Until I watched the same pattern show up in every founder and executive I work with.

It goes like this: If I build enough. If I scale fast enough. If I become indispensable. Then I will not feel helpless.

The world feels unstable these days. True. The ground shifts weekly. Institutional distrust. Geopolitical tension. Rapid technological displacement.

This undercurrent rarely gets named: helplessness.

The nervous system does not only respond to personal stress. It responds to collective instability. When the world feels unsafe, two survival strategies emerge.

Control everything. Or withdraw entirely. Most high performers choose the first.

"I just need to do more," this is acceleration as a trauma response.

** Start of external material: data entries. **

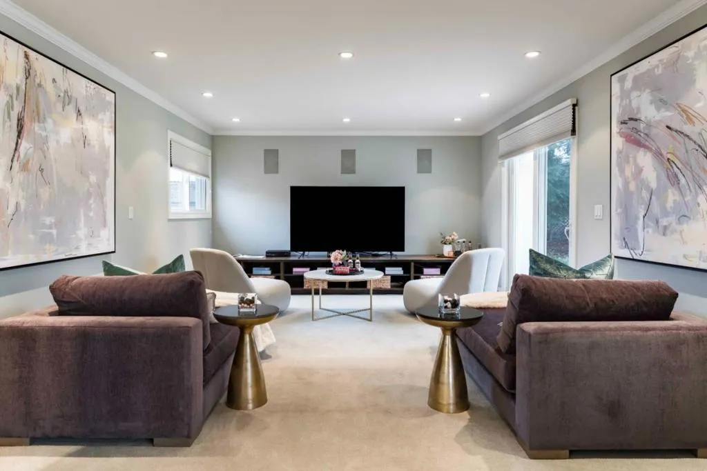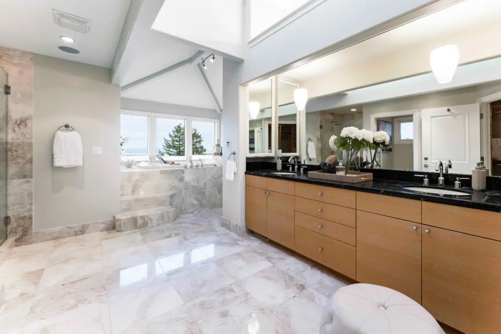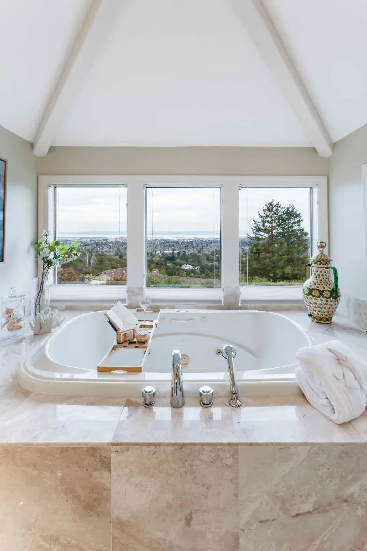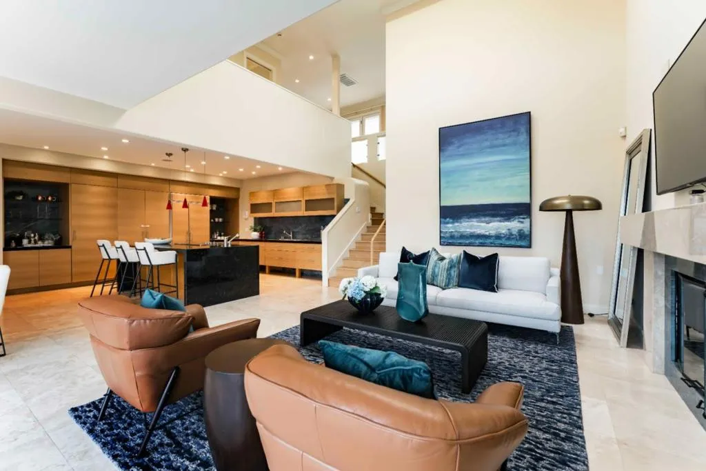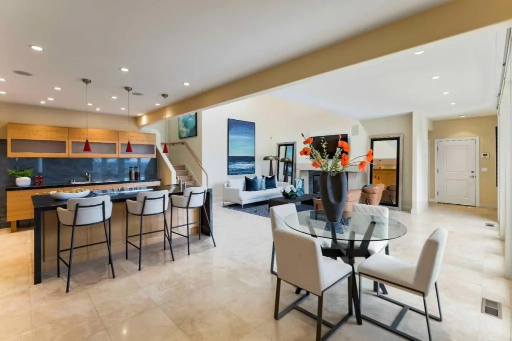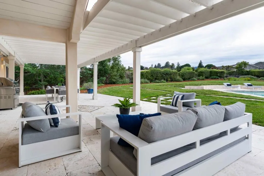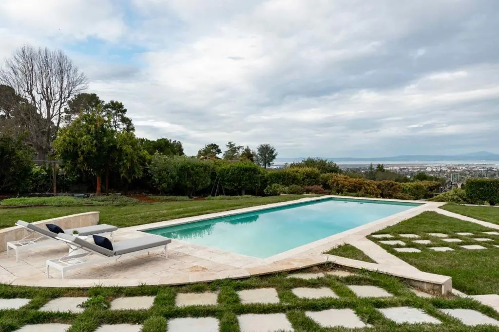 Sweeping, unobstructed San Francisco Bay views define this contemporary estate set on more than an acre in Woodside Hills, with dramatic scenery enjoyed from nearly every room. Walls of glass, soaring ceilings, and refined finishes including marble, granite, and travertine floors create a striking yet warm aesthetic throughout approximately 4,800 square feet across two levels. The expansive kitchen and family room anchor the main level, complemented by gracious formal living and dining spaces that provide multiple areas for entertaining. The upper level offers additional gathering space including a media room, along with four bedroom suites highlighted by a luxurious primary retreat with a spa-inspired bath. Outside, the grounds feature a pool and pergola-covered terrace, all oriented toward the views. Climate control ensures year-round comfort, while a gated setting offers privacy close to parks, nature preserves, and convenient commute options.
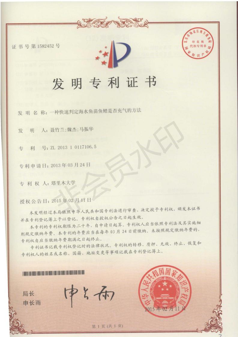 实用新型专利-一种快速判定海水鱼苗鱼鳔是否充气的方法
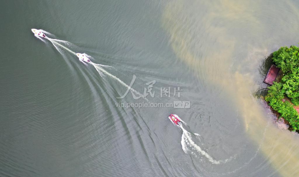2021年7月6日,四川省南充市蓬安县大深沟水库,救援人员在演练水上救援。
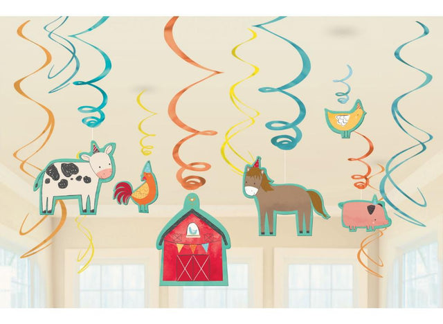 Quickly and easily add colour and excitement to your farm-themed party room with these friendly farm animal hanging spiral decorations.
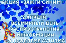 2 апреля ежегодно отмечается Всемирный день распространения информации о проблеме аутизма (World Autism Awareness Day). Он был установлен резолюцией Генеральной Ассамблеи ООН от 18 декабря 2007 года, в которой была выражена обеспокоенность высокой численностью детей, страдающих аутизмом. 2 апреля в знак солидарности с людьми с аутизмом, и их семьями, а также для привлечения внимания политиков и простых граждан к проблемам аутизма в мире ежегодно проходит акция «Зажги синим» (Light It Up Blue).В рамках данной акции в детском саду №332 родителям была предложена информация о том, как вести себя прохожим, педагогам,сотрудникам правопорядка, если они увидят истерику у чужого ребёнка, рекомендован для семейного просмотра фильм «Тэмпл Грандин». Несмотря на режим самоизоляции, дети совместно с родителями приняли активное участие в акции и поделились с нами замечательными фотографиями. К нашей акции присоединились другие детские сады Советского района - 109, 352, 230, 67, 114, 115, 298, 280
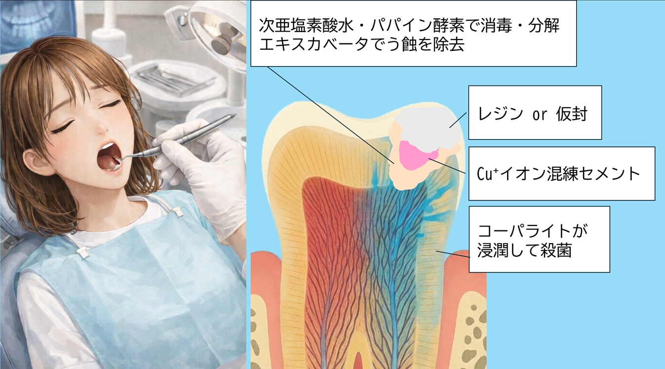 Cu⁺(銅イオン)セメント療法は、抗生物質を用いず、銅イオン(Cu⁺/Cu²⁺)の多点抗菌作用を利用して、う蝕病巣・感染象牙質・バイオフィルムを制御しつつ封鎖する治療アプローチ。
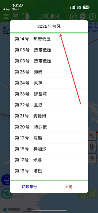 3、在臺風列表頁面可查看2025年第14號、第06號等多個臺風,選擇第25號海鳴可查看其詳細預報。
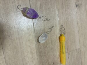 作り方:ピアノ線や硬めの針金を曲げて、お湯で柔らかくなるプラスチック粘土などでその方に合った持ち手を作る
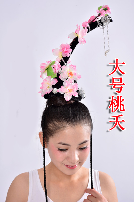 Peach Aborted Dance Headwear Girl's Seven Wonder Woman Head Accessories Classical Dance Ancient Dress Headwear Performance Wig Sleeve
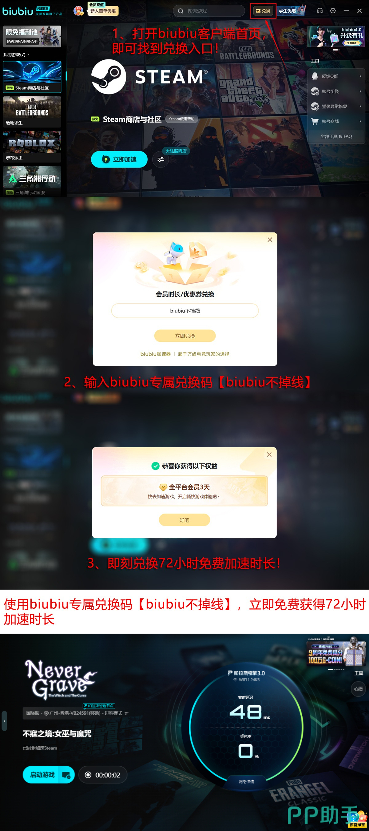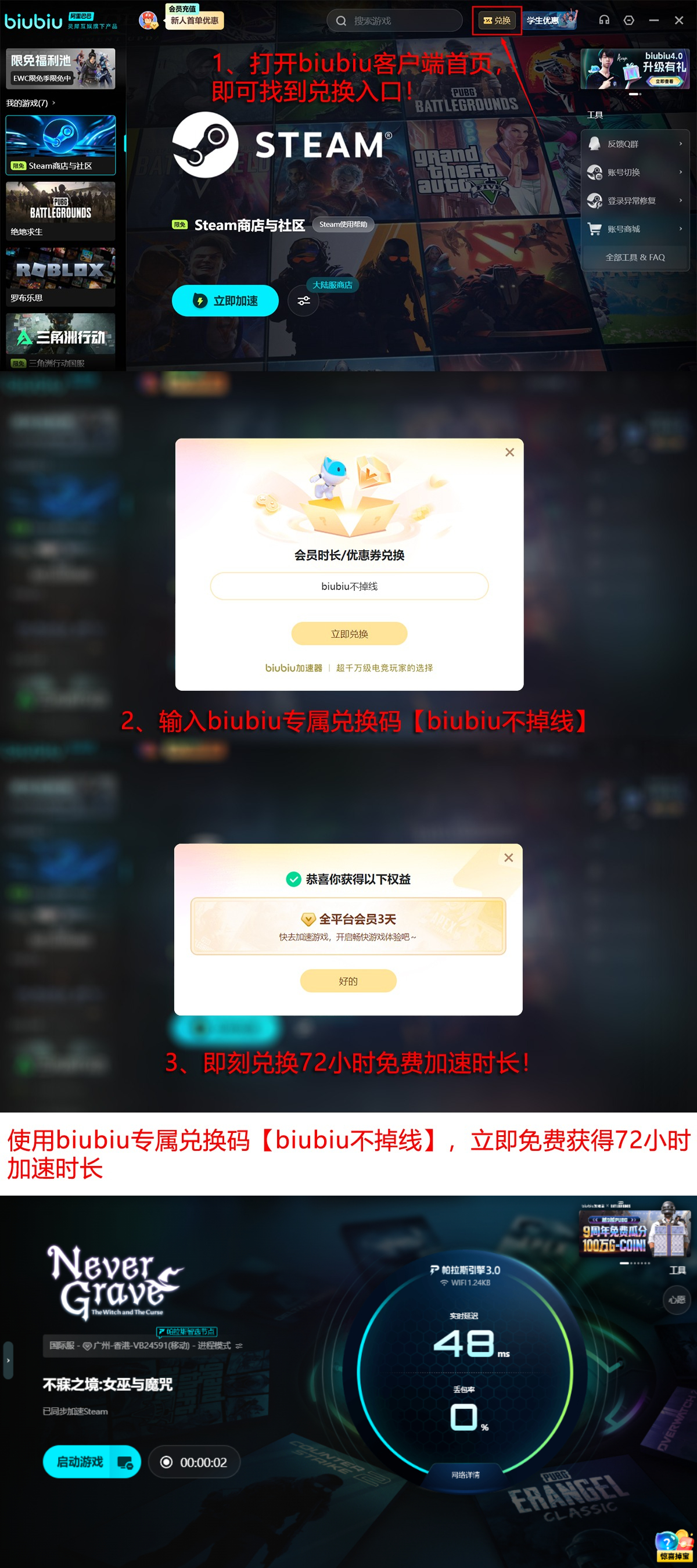 新注册用户可立即获得24小时全功能免费尊享体验;输入激活码【biubiu不掉线】,还可额外获赠72小时加速时长。两项权益叠加,总计可享受连续96小时(即整整四天)的高品质低延迟加速服务,为《不寐之境:女巫与魔咒》的多人联机探索提供坚实基础。
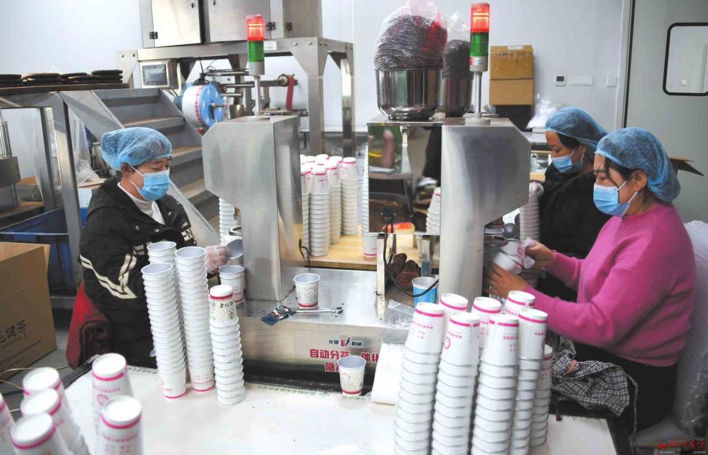 12月6日,寧武縣管涔仙草特色農(nóng)業(yè)科技開發(fā)有限公司的工人正在包裝毛健茶。該企業(yè)在傳統(tǒng)手工制茶工藝的基礎(chǔ)上,創(chuàng)新融入現(xiàn)代工藝技術(shù),大力打造品牌產(chǎn)品,既提升了產(chǎn)品附加值,也帶動(dòng)了當(dāng)?shù)剞r(nóng)戶增收和縣域產(chǎn)業(yè)振興。(本報(bào)記者劉紀(jì)森攝)

It looks like ambition, performs like drive.

Underneath it is a nervous system that cannot tolerate stillness because stillness means feeling what is actually there.

AI amplifies this. It allows you to move faster than your biology can stabilize. It rewards the compulsion to produce and expand. And it never asks you to stop and feel what is driving the urgency.

Helplessness does not resolve through output. No amount of building will outrun it.

It resolves through the ability to sit inside uncertainty without fragmenting.

When the system is dysregulated, ambition becomes urgency. Urgency becomes compulsion. Compulsion inevitably becomes burnout. I have lived this in every cell of my body.

When the system is regulated, ambition becomes contribution. Power becomes stewardship. Influence becomes grounded. Let's go there.

There is nothing wrong with wanting power. But if power is pursued to outrun helplessness, it will never feel like enough.

You will hit every target and still feel hunted.

The work is not to control the future. It is to feel the collective instability and not let it hijack your strategy. To notice when your drive shifts from intentional to desperate. To build from conviction rather than from fear of what happens if you stop.

You do not need to move faster. You need to be able to stop.